* _Task objective_: Only one stretch of the listing below is wanted. Give it again exactly, from the line with "Nell’anime, PaniK, uno" through the line with "ELEKTROFÜZYON PE-PİRİNÇ GEÇİŞ".

* _Provided entries_:
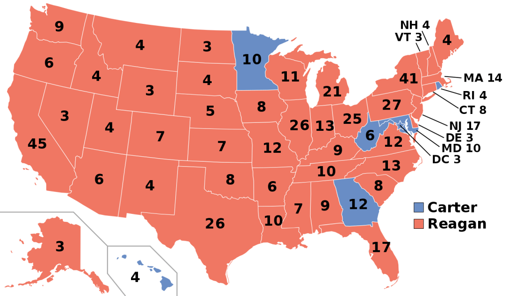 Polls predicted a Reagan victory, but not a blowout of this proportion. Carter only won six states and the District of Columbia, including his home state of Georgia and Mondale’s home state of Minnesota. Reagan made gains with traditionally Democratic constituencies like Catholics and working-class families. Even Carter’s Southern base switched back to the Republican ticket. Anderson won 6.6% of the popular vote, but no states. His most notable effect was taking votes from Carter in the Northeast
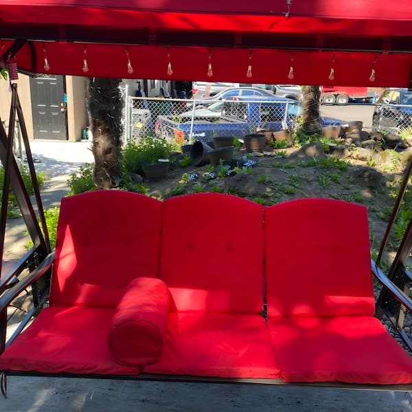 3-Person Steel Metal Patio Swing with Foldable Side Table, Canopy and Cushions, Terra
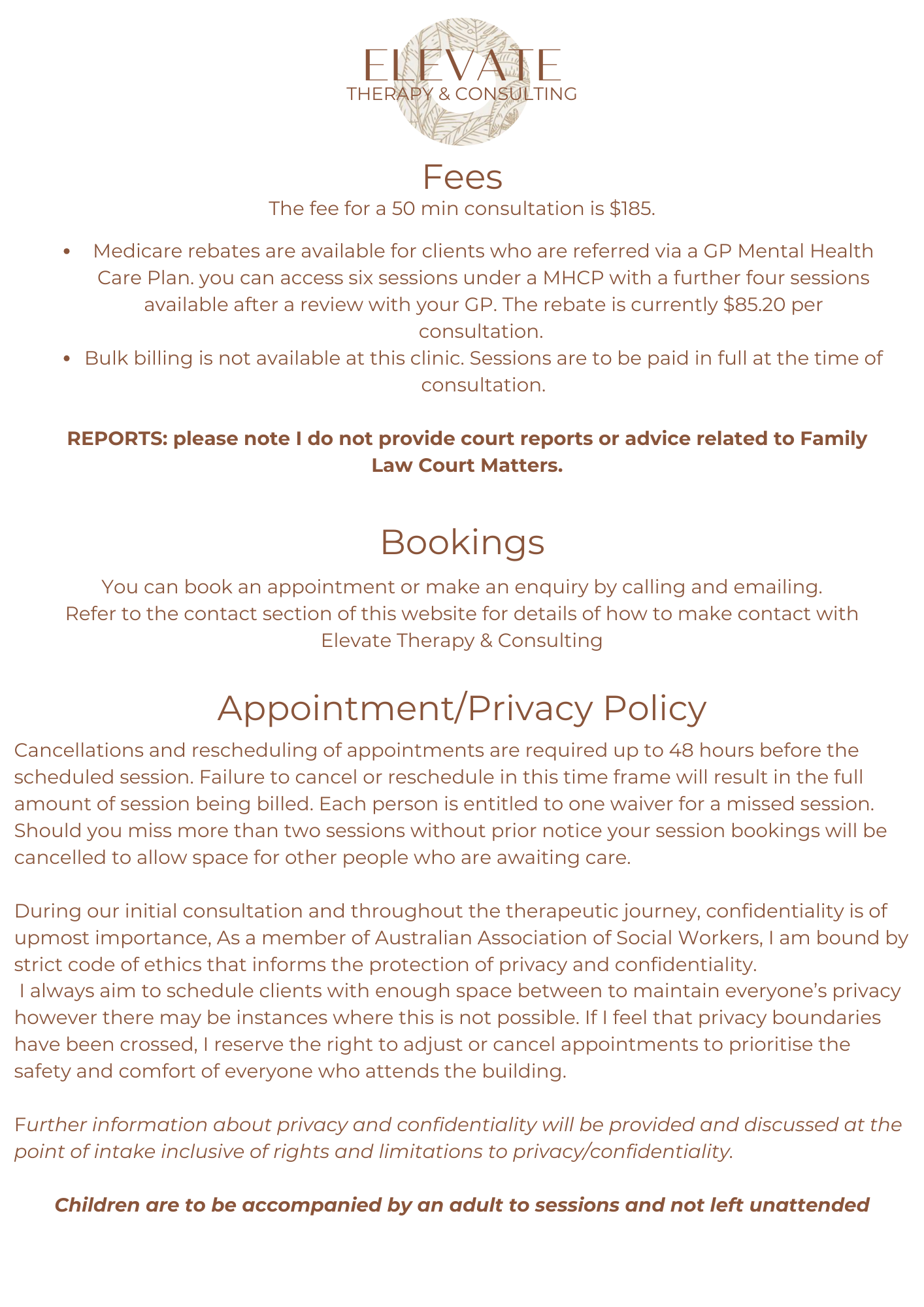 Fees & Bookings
==
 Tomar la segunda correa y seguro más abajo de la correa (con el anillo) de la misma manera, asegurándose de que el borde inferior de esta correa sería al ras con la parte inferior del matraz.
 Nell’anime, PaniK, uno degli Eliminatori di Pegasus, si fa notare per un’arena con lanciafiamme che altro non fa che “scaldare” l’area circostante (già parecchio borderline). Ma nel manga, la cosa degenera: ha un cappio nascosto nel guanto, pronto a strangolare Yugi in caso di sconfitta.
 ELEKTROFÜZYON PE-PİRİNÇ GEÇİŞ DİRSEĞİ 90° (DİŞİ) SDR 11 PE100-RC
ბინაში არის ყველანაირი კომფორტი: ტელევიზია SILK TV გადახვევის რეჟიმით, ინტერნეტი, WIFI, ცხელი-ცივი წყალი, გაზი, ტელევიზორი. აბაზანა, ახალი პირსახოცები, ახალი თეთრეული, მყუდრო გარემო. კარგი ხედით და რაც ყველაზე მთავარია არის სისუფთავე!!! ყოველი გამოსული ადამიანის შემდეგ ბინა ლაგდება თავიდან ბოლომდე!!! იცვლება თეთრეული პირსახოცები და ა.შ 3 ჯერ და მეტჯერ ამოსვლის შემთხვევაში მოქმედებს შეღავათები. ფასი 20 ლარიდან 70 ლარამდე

* _Solution for this task_:
 Nell’anime, PaniK, uno degli Eliminatori di Pegasus, si fa notare per un’arena con lanciafiamme che altro non fa che “scaldare” l’area circostante (già parecchio borderline). Ma nel manga, la cosa degenera: ha un cappio nascosto nel guanto, pronto a strangolare Yugi in caso di sconfitta.
 ELEKTROFÜZYON PE-PİRİNÇ GEÇİŞ DİRSEĞİ 90° (DİŞİ) SDR 11 PE100-RC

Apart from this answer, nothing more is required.